From the Irish Times report:

"THE HIGHEST libel award in the history of the State has been made to Donal Kinsella, who sued his former employer Kenmare Resources, claiming he was defamed by a press release it sent out.
Following just over three hours of deliberation yesterday, the jury of seven men and four women awarded him €9 million in compensatory damages and €1 million in aggravated damages. The press release concerned an incident in Mozambique, where they were attending a board meeting, when Mr Kinsella sleep-walked naked into the bedroom of the company secretary, Deirdre Corcoran. The release said he was being asked to resign from the company’s audit committee and referred to an “incident”.

The fact that the Judge only safeguarded €500k of the award tells it's own tale.
 
The Indo describes John Kierans, editor of the Irish Daily Mail where the offending press release was issued, as a "lifelong friend of Mr Kinsella"
 
The jury do decide on the award. I sat on a jury of 2 ladies and the rest man.
The lady making the claim had small scars on her shoulder and a few on her legs following a road accident.
She was awarded €15,000 for her suffering and expenses.
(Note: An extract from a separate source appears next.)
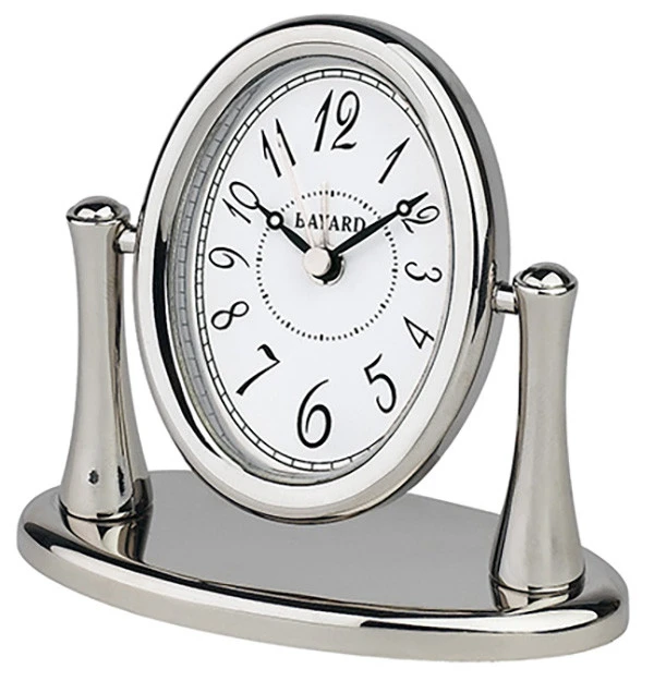 Bayard, la marque incontournable des réveils, vous propose un modèle en métal argenté à cadran pivotant.
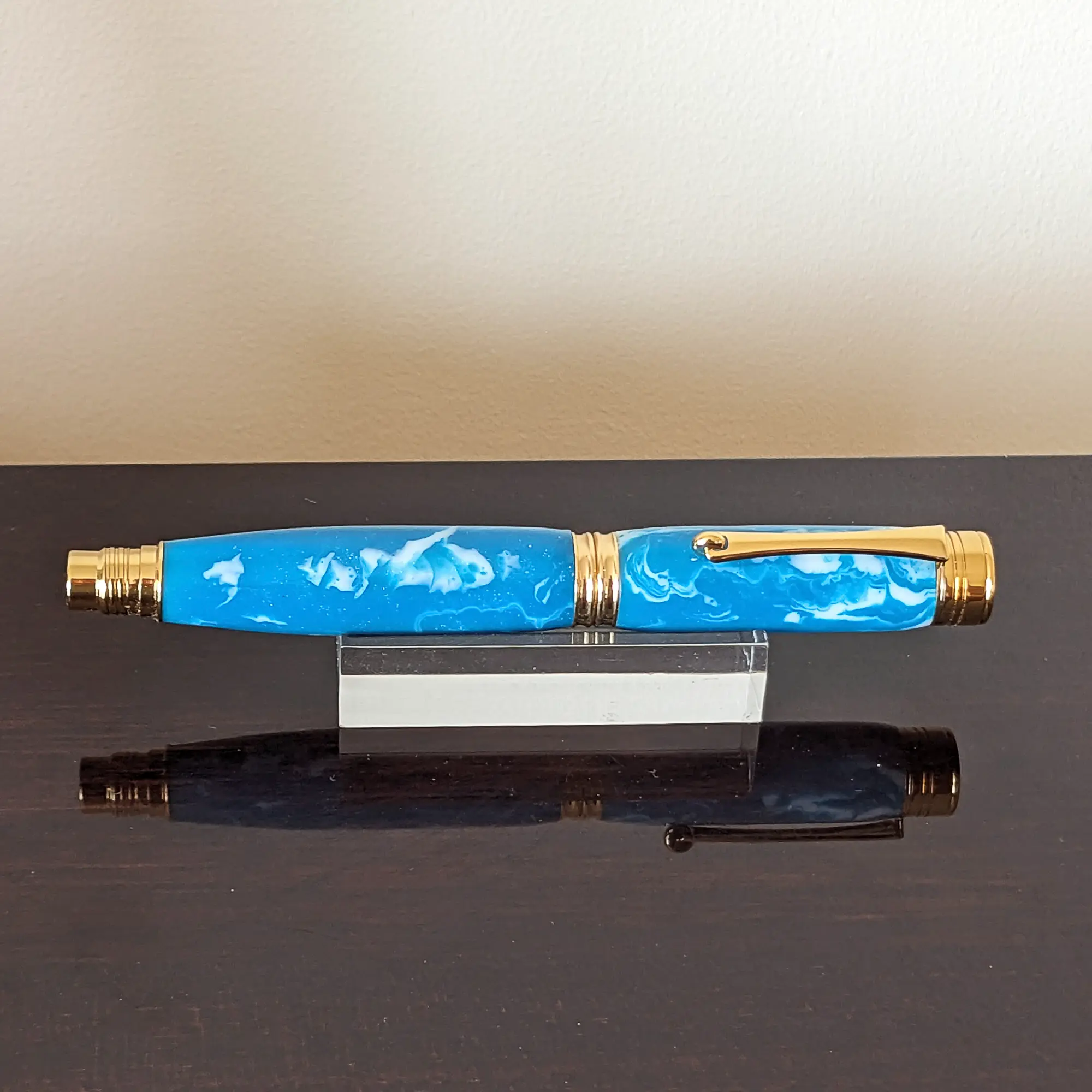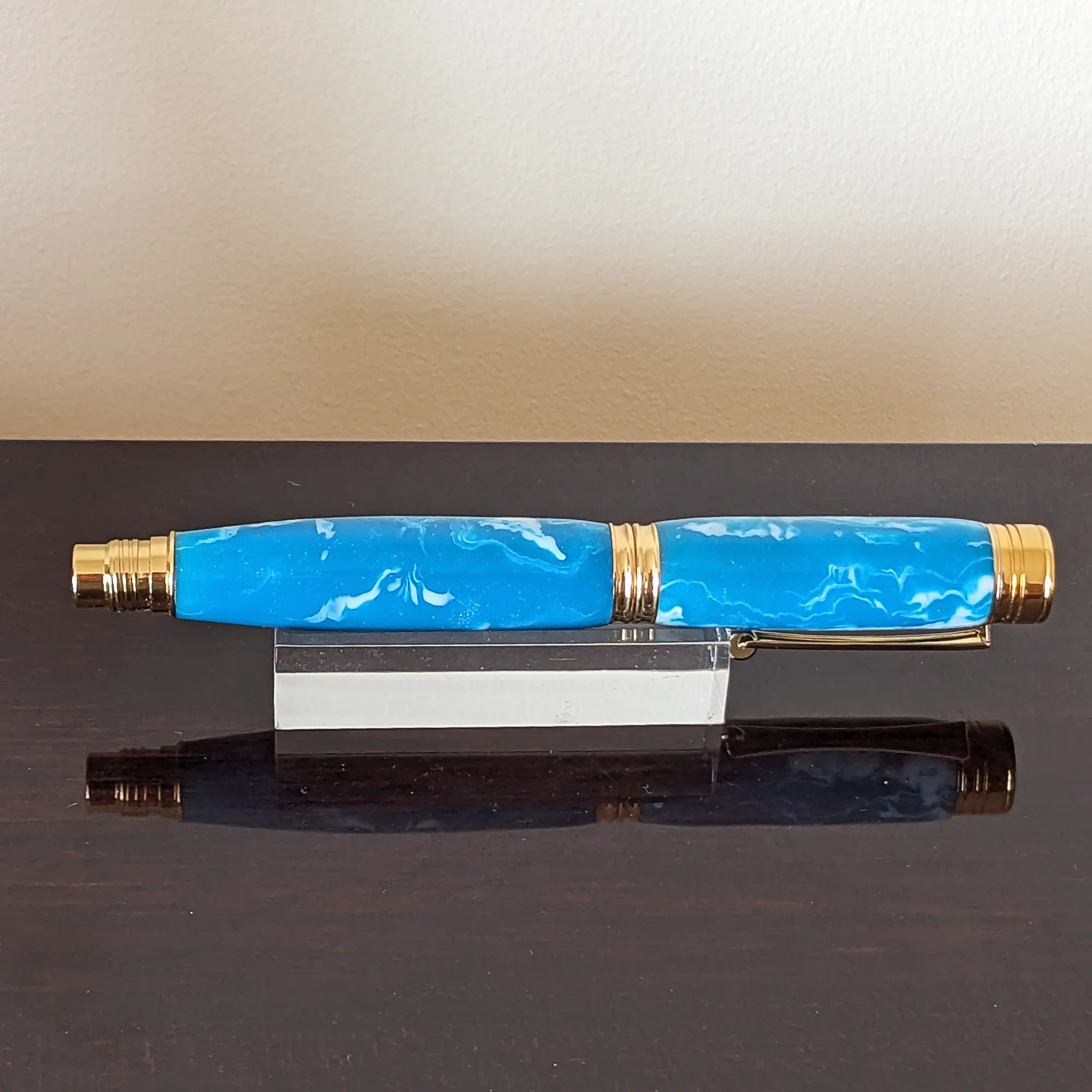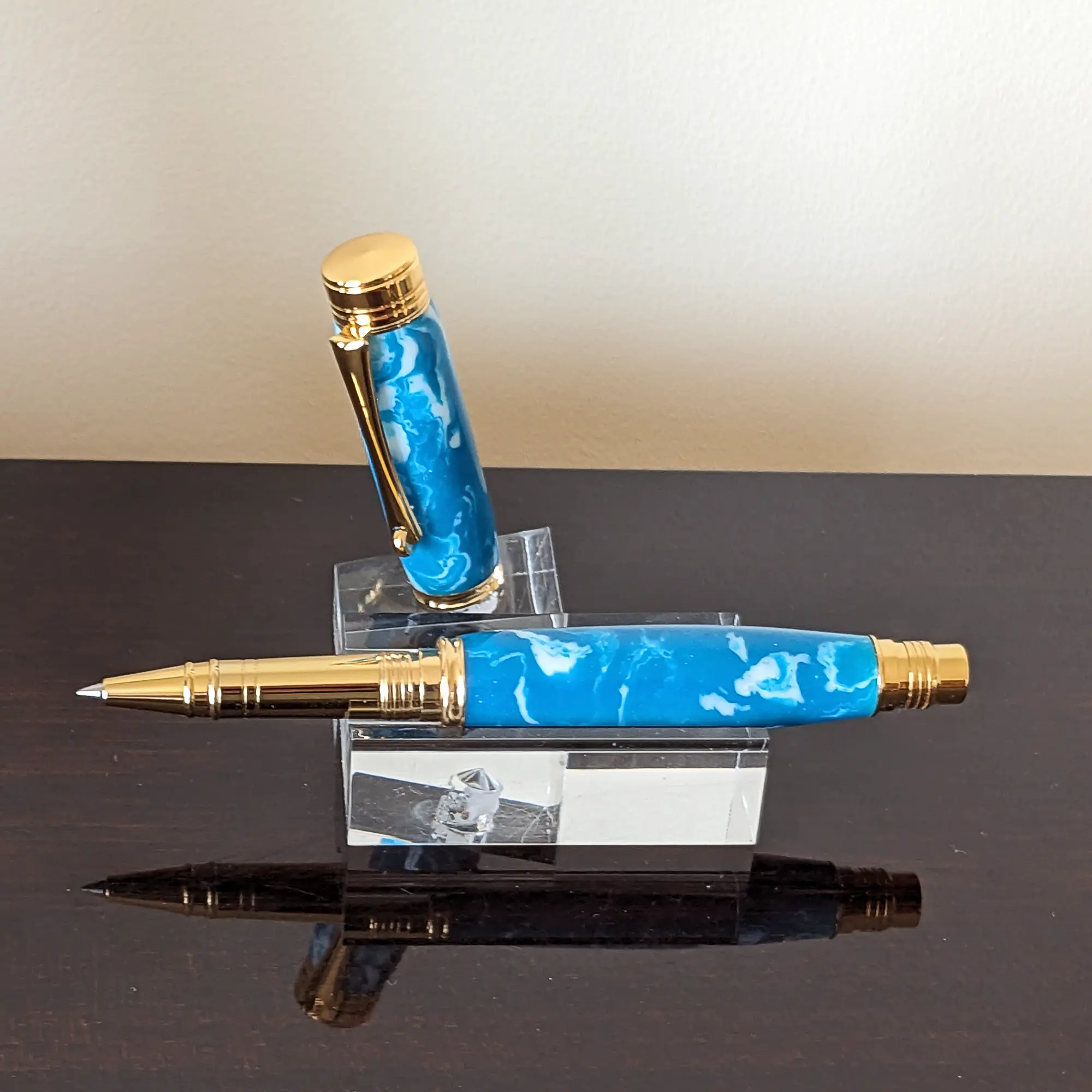 This is a beautiful Rollerball Pen made from Resin that has been dyed to give a blue and white colour with Gold Plated fittings that compliments this pen nicely.

The jury started off with one man saying she needed €100,000, a majority agreed. When I and two other men asked how they arrived at that figure they said that the papers had information about similar amounts every day.
We then started to access how we might decide on the award and following some sensible discussions we arrived at the figure awarded. We learned after the court that the insurance company had offered €25,000.
We as a jury were ignorant of the law and its workings. We were given no guidelines as to how to arrive at a figure.
One thing that swayed the decision was that the lady made much of her marks on her shoulder and legs and insisted in court that the jury see them. We saw little evidence of marks.
I feel strongly some guidance should be given to juries. I felt totally inadequate to decide on a figure.